On peut remarquer que Ronsard ne décrit pas un jardin, mais en suggère le
climat et l’atmosphère grâce aux couleurs, mais aussi à la musicalité des rimes :
après les deux rimes féminines suivies en [ose ], des rimes masculines
éclatantes en [eil ] viennent embrasser les rimes féminines en [ée], de plus
aucune coupe n’interrompt ces octosyllabes comme dans une sorte de temps
immobile, arrêté, et paisible, heureux
-l’allitération en [p ]saccade le vers 4 , ce qui renforce l’angoisse contenue
dans l’interrogation implicite : le poète se doute que la rose ne peut que
décliner, que perdre ce qui faisait sa splendeur le matin même ;
on remarque que ce vers 4 marque une limite temporelle, la fin de la journée
initiée au vers 2( le CCT « cette vêprée » qui suit immédiatement le verbe
« perdre «correspond symétriquement au CCT du vers 2 « ce matin »), ce qui
accentue l’impression de rapidité, le temps s’écoule suivant la course du
soleil ;
Deuxième mouvement =
-la strophe 2 commence par un monosyllabe, « las », mot très court qui suffit
pourtant à exprimer le changement radical de ton, le rythme impair de ce
premier vers 1/7suggèrant aussi la dissonance ;
l’impératif « voyez » n’exprime pas un élan comme l’injonction initiale du
poème« allons voir »: ici il s’agit plutôt de prendre la jeune fille à témoin pour
un constat amer ;
la brièveté du temps écoulé se trouve soulignée, par l’assonance en [a ]

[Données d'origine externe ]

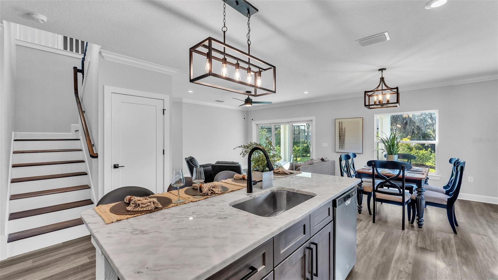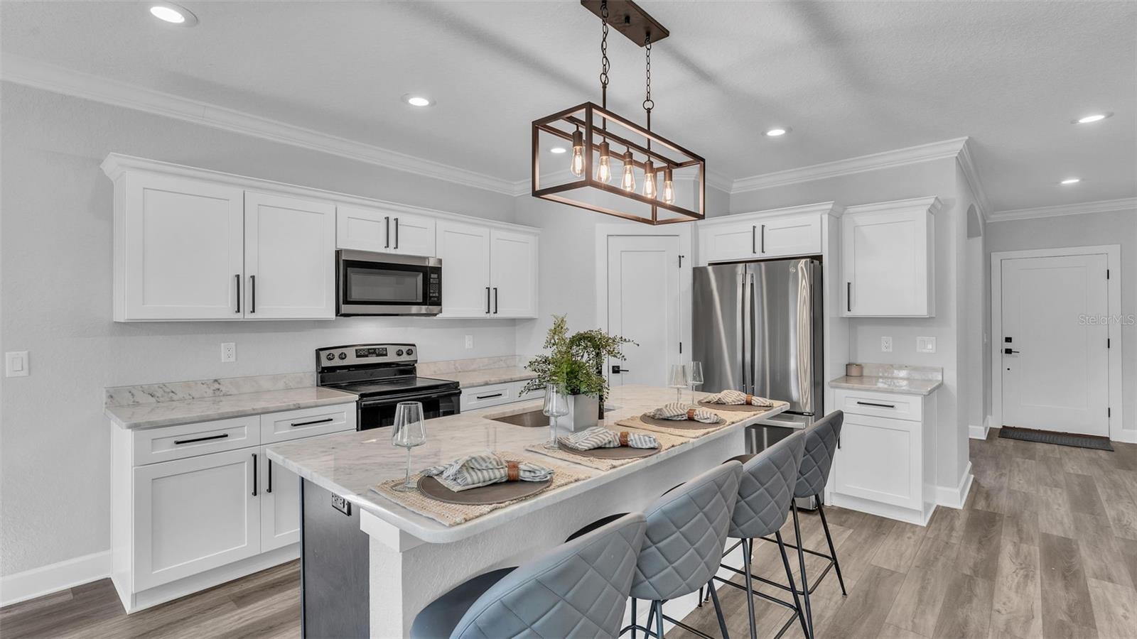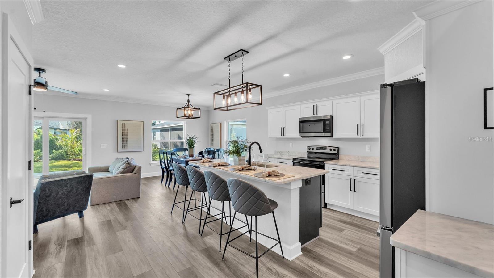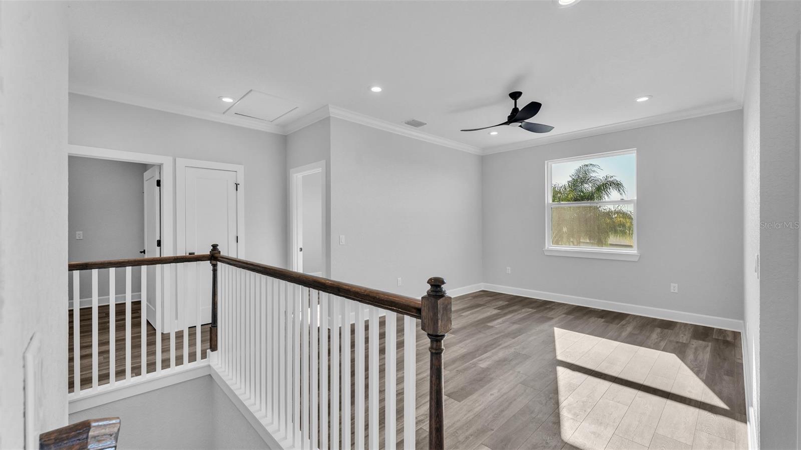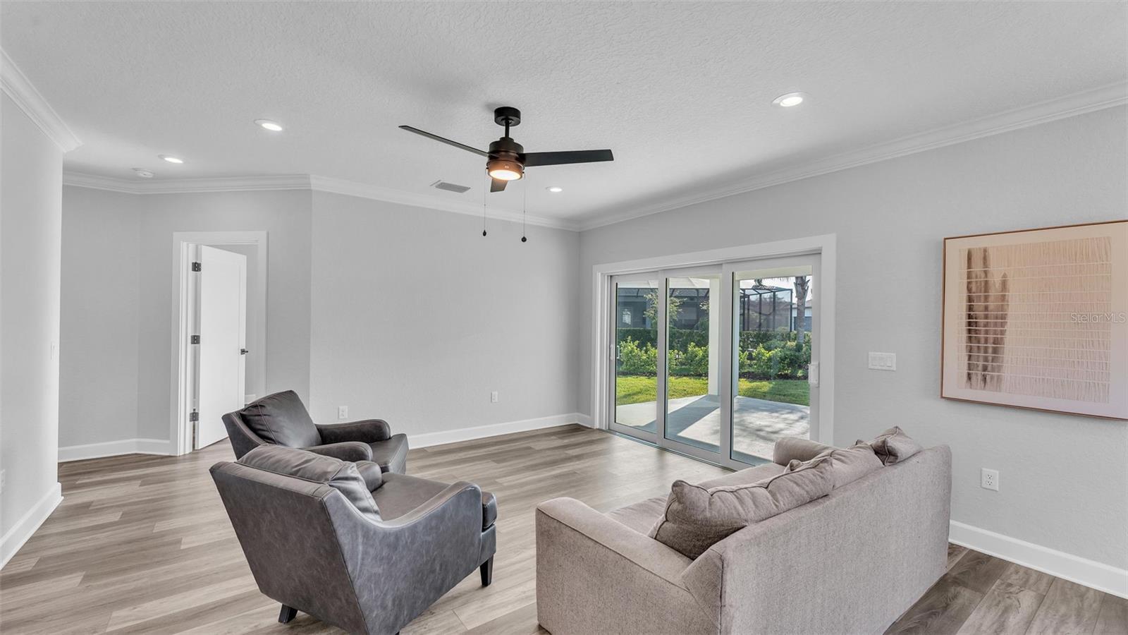 Welcome to 6421 Highlands Oak Trail, a stunning brand-new custom-built home, recently completed, offering 5-bedrooms and 3-bathrooms with an additional flex room, located in the gated community of Hallam Preserve East. This exquisite two-story residence boasts impressive curb appeal, featuring a pavered driveway and a charming front porch perfect for seating and enjoying the neighborhood's serene atmosphere. Ideally positioned in South Lakeland, this home offers easy access to local schools, dining, shopping, and the nearby Publix shopping center. Just off 540A and only minutes from the Polk Parkway, convenience is at your doorstep. The community itself offers fantastic amenities, including an on-site playground and pool, providing a perfect setting for relaxation and recreation. Step inside to discover an open and inviting foyer, leading to a flexible room that can serve as a formal dining area, complete with a large window overlooking the front yard. You'll notice the luxury vinyl plank flooring throughout with the decorative crown molding. This home offers an open and split bedroom floor plan, ensuring privacy and flow throughout. Continue further into the home, where you'll find the heart of the house: a beautifully designed kitchen featuring stainless steel appliances, granite countertops, and a generously sized corner pantry. The kitchen overlooks the spacious living area, which is flooded with natural light from an abundance of windows. Triple sliding glass doors open to an expansive lanai, perfect for enjoying the outdoors in a tranquil, private setting. The backyard is beautifully landscaped, offering a serene environment for relaxation. With five bedrooms and three bathrooms, this home provides plenty of space for the entire family. The first floor includes a guest bedroom and a bathroom with a beautifully tiled shower, providing a welcoming space for visitors. Additionally, there's plenty of room for a work-from-home office, offering a perfect balance of comfort and functionality. Upstairs, the primary suite awaits, offering a spa-like ensuite bathroom with a freestanding tub, dual vanity, a step-in tiled walk-in shower, and an expansive walk-in closet. The upstairs area is a true highlight, featuring a wooden-railed balcony, a secondary living space, ample closet storage, and three additional generously sized bedrooms, each with built-in closets. A third full bathroom is conveniently located in the hallway. The garage is ready to store your vehicles and tools with the addition of epoxy flooring. This home has been meticulously designed for comfort and elegance, and with the opportunity to be the first owner, it's truly a rare find. Schedule your showing today and experience the luxury and convenience of this exceptional property!

(« las »/ »espace » l’espace apparaissant comme une représentation plus
concrète de la durée ;
-la logique est symétrique par rapport au premier sizain où la rose était
comparée à la femme : la femme est ici comparée à la rose, comme le montre
au vers 24 « tandis que votre âge fleuronne » dont le verbe permet le
rapprochement avec la fleur ;
-les deux derniers vers également unis par l’enjambement éclairent la leçon
d’épicurisme en dévoilant le sens de la comparaison : le mot « vieillesse » à la
rime s’oppose à « jeunesse », sa position finale dans le vers souligne encore la
fuite inexorable du temps
Petite synthèse
- le poète exploite les lieux communs que sont le thème de la fuite du temps et
la comparaison femme // rose, toutefois ce texte dégage un charme particulier,
car sa musicalité, son rythme en font une sorte d’incantation contre la mort ;
le carpe diem
- chez les auteurs antiques : Tibulle, Properce, Ovide
- chez les poètes qui ont suivi Ronsard : Malherbe (XVIIème siècle), Raymond
Queneau (XXème siècle « Si tu t’imagines », réécriture mise en musique par
Vladimir Kosma, chantée par Juliette Gréco).